La ricetta di Fabio Campoli
Il governo britannico propone di stabilire un limite alle calorie di cibi pronti e porzioni servite nei ristoranti: ed è subito polemica
Sono trascorsi tre mesi dal giorno in cui la stampa inglese ha rivelato che il governo è pronto a predisporre un nuovo piano contro l’obesità: ma questa volta, non si tratta di misure legate all’etichettatura dei prodotti o alla rimozione dei junk food dalle casse dei supermercati.
La nuova iniziativa del governo britannico in collaborazione con Public Health England, citata nuovamente in questi giorni dal Telegraph che ha visionato una bozza del piano d’azione, punta infatti a stabilire un “limite calorico” per i cibi pronti, ma anche per le porzioni servite ai tavoli dei ristoranti locali.
Ed è così che si scopre che insalatone e sandwich non dovrebbero superare le 550 kcal, e che le pizze dovrebbero restare entro il limite di circa 1.000 kcal, limite già oltrepassato da numerose referenze ricche di condimenti vendute in UK da take-away e ristoranti.

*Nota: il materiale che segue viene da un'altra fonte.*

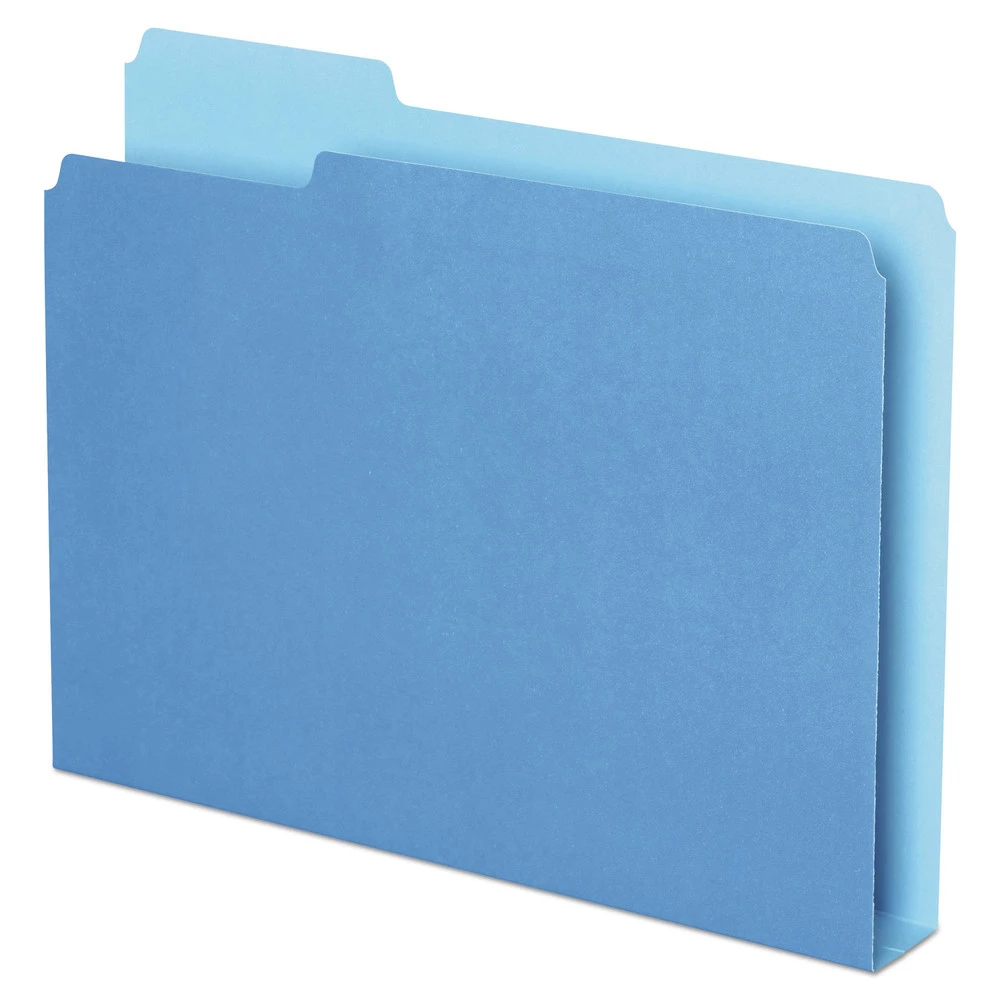 - (50-Pc./Pack) Double Stuff 1/3-Cut Tab File Folders – BLU – 54455
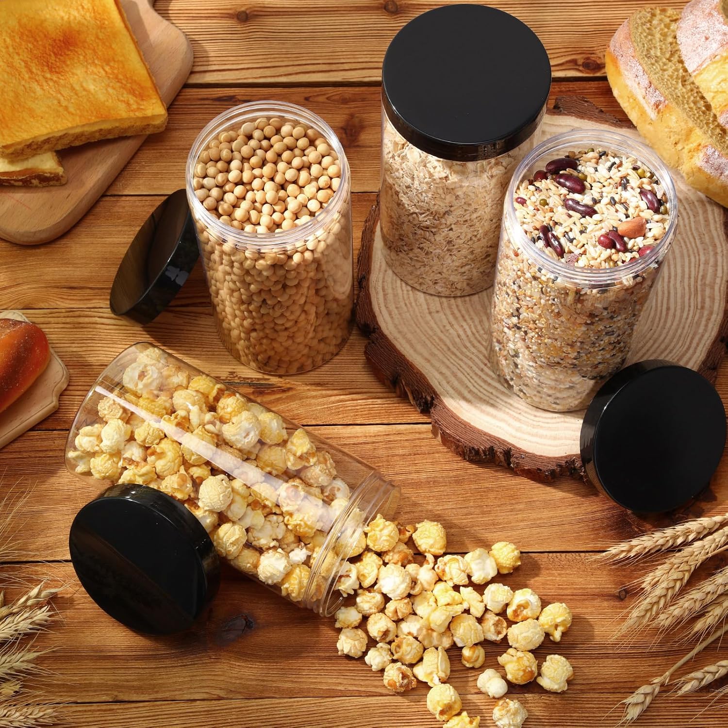 Patelai 4 Pieces Round Wide-mouth Leak Proof Plastic Container Jars with Lids for Travel Storage Makeup Beauty Products Face Creams Oils Salves Ointments DIY Making(32 Ounce,Black)
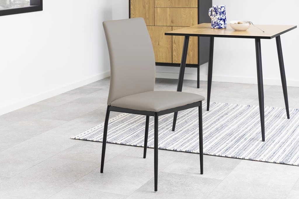 Krzesło Demina to krzesło, które doskonale sprawdzi się w przestrzeni hotelowej, komercyjnej czy domowej. Prosta forma krzesła sprawia, że krzesło dopasuje się do każdego stylu we wnętrzu. Siedzisko zostało obite mocną beżową eko skórą, nogi natomiast wykonane zostały z metalu pomalowanego proszkowo na czarno. Krzesło ma prostą i smukłą budowę, dzięki czemu dopasuje się do każdego nawet najbardziej nietypowego stołu. Krzesło jest niebywale lekkie i waży 4,8 kg. Maksymalne obciążenie: 120 kg Wysokość siedziska: 48,5 cm Szerokość siedziska: 43,5 cm Głębokość siedziska: 40 cm
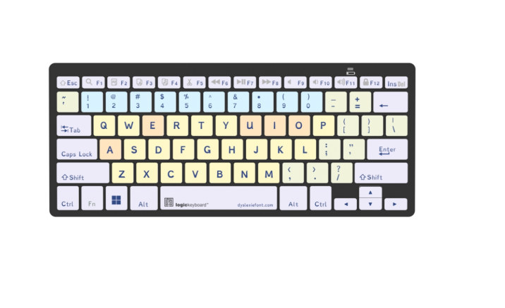 Logickeyboard Dyslexie Bluetooth tipkovnica za PC (UK) je bežična, kompaktna tipkovnica dizajnirana za podršku korisnicima s disleksijom. Sadrži specijalizirani raspored fonta, Bluetooth povezivost i prijenosni dizajn, čime poboljšava čitljivost i udobnost tipkanja.
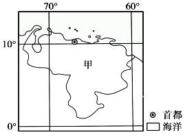 3、单选题 总部位于江苏徐州(约34°N,117°E)的某企业承接了国家甲(下图)价值7.446亿美元的工程机械订单。据此完成下列问题
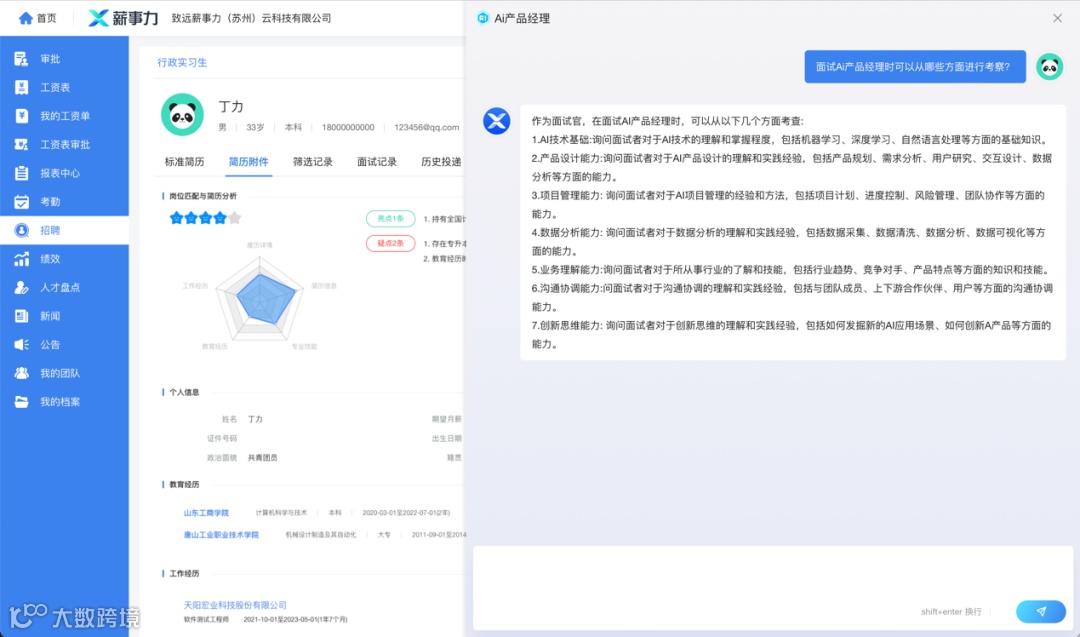 【致远薪事力】近期,致远薪事力 AIGC 能力的全面接入,在招聘领域开启了从量到质、从效率到效能的全面升级之路。AI 到 AIGC 升级,这一次将为HR带来能协助输出内容、出谋划策,真正聪明、高效、懂需求、实时交互的人性化助手;这一次的升级还将带领 HR 进行身份转变,AIGC 强大的自学习能力,让其从海量的人力资源招聘数据中学习并不断进化升级,HR 更加从容应对各项日常招聘中的重复性工作,站在更高的位置推动招聘决策,创造更大的价值。

134 kcal al massimo sarebbero invece quelle tollerate in una porzione di coleslaw (la tipica insalata anglosassone a base di cavolo, carote e salsa), in uno Yorkshire pudding e in un cocktail di gamberi acquistati pronti al consumo. Cibi che di contro, però, con le porzioni abbondanti servite dai ristoranti arrivano a toccare le 500 kcal.
Il governo auspica che entro il 2024 questi obiettivi vengono raggiunti volontariamente dai settori della grande distribuzione e della ristorazione, ma qualora non accadesse, si preannuncia già pronto ad utilizzare altre più incisive leve per smuovere il loro impegno.
Forse è proprio questo atteggiamento ad aver generato numerose critiche, secondo le quali l’atteggiamento della Gran Bretagna si conferma sempre più come quello di un cosiddetto “nanny state”, ovvero uno stato dalla concezione eccessivamente paternalistica e che tratta i propri cittadini come fosse la loro baby-sitter.
Ed effettivamente, uno stato che pretende di controllare quanto cibo assumiamo e le calorie in esso contente, mostra un’attenzione verso la salute pubblica certamente nobile, ma al contempo troppo “prepotente”, perché non tiene conto della libertà dell’essere umano e del suo naturale debole per il cibo, autentico piacere della vita.